→ **MATERIAL SHOWN**:
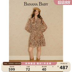 新品-BANANA BABY2025年冬季新款印花雪纺连衣裙女系带灯笼袖短裙
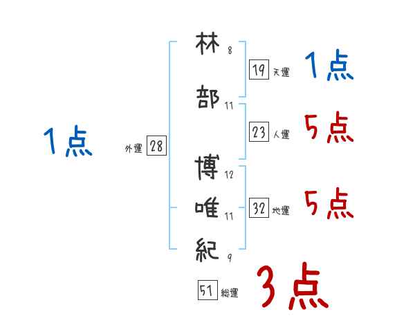 外運![]() | 林部博唯紀さんの外運は28画の1つ星!家庭環境に注意。スポーツで活躍できる能力があるかも。 生活面を象徴する運勢です。外部から受ける影響力を表し、結婚運、家庭運や職場、環境への順応性を表します。 |
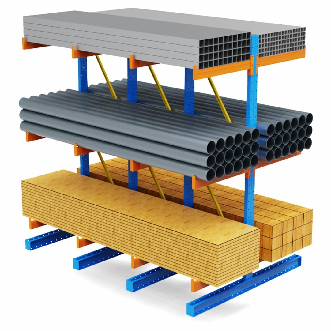 Designed to handle long and cylindrical items, the cantilever pipe rack is your best bet for storing plumbing supplies, conduit, and metal tubing without bending or clutter.
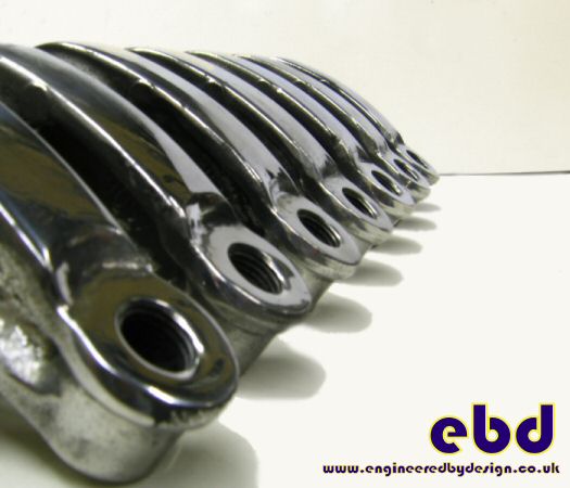 The finished modified rockers. Material removed from low-stress regions identified by FEA, section transitions blended to remove stress raisers. The polished surface finish is not cosmetic - surface condition directly affects fatigue life on a cyclically loaded component. Click to expand.
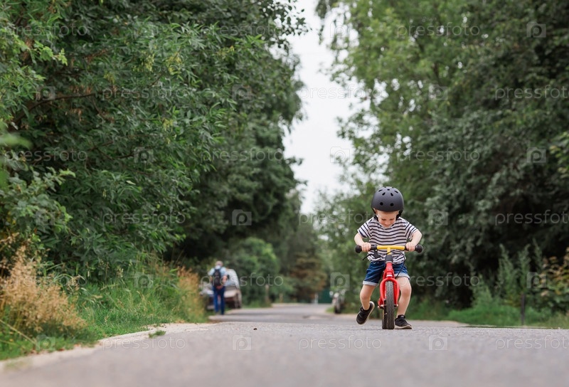 Веселый маленький мальчик катается на велосипеде в шлеме на улице. Счастливый ребенок занимается активным спортом. Защита. Страхование жизни и безопасность детей
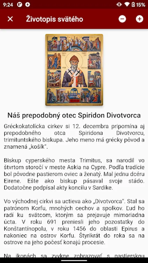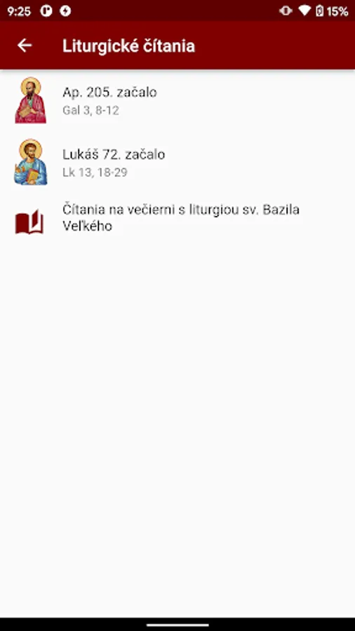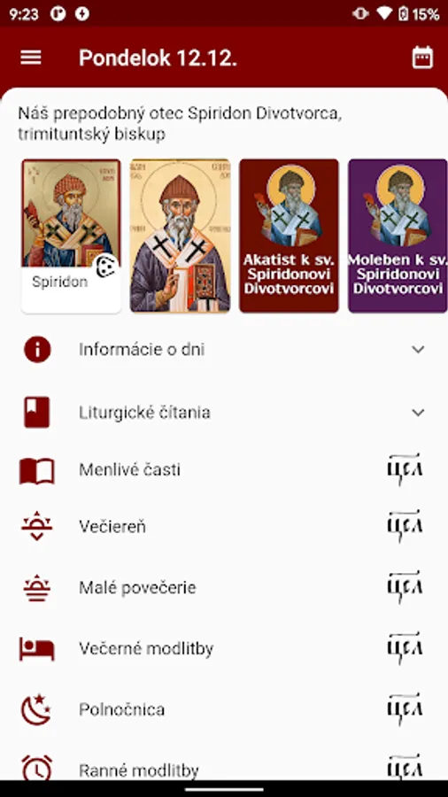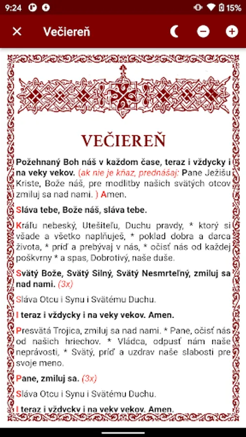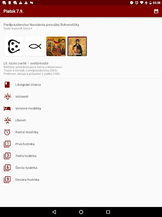Application designed for continuous prayer of sanctification of time in the Byzantine Rite in Slovak.

→ **REQUIRED WORK**: Only the lines from the one containing "The finished modified" through the end of the data above are to be output, exactly and without pictures.

→ **ANSWER AREA**:
 The finished modified rockers. Material removed from low-stress regions identified by FEA, section transitions blended to remove stress raisers. The polished surface finish is not cosmetic - surface condition directly affects fatigue life on a cyclically loaded component. Click to expand.
 Веселый маленький мальчик катается на велосипеде в шлеме на улице. Счастливый ребенок занимается активным спортом. Защита. Страхование жизни и безопасность детей
Application designed for continuous prayer of sanctification of time in the Byzantine Rite in Slovak.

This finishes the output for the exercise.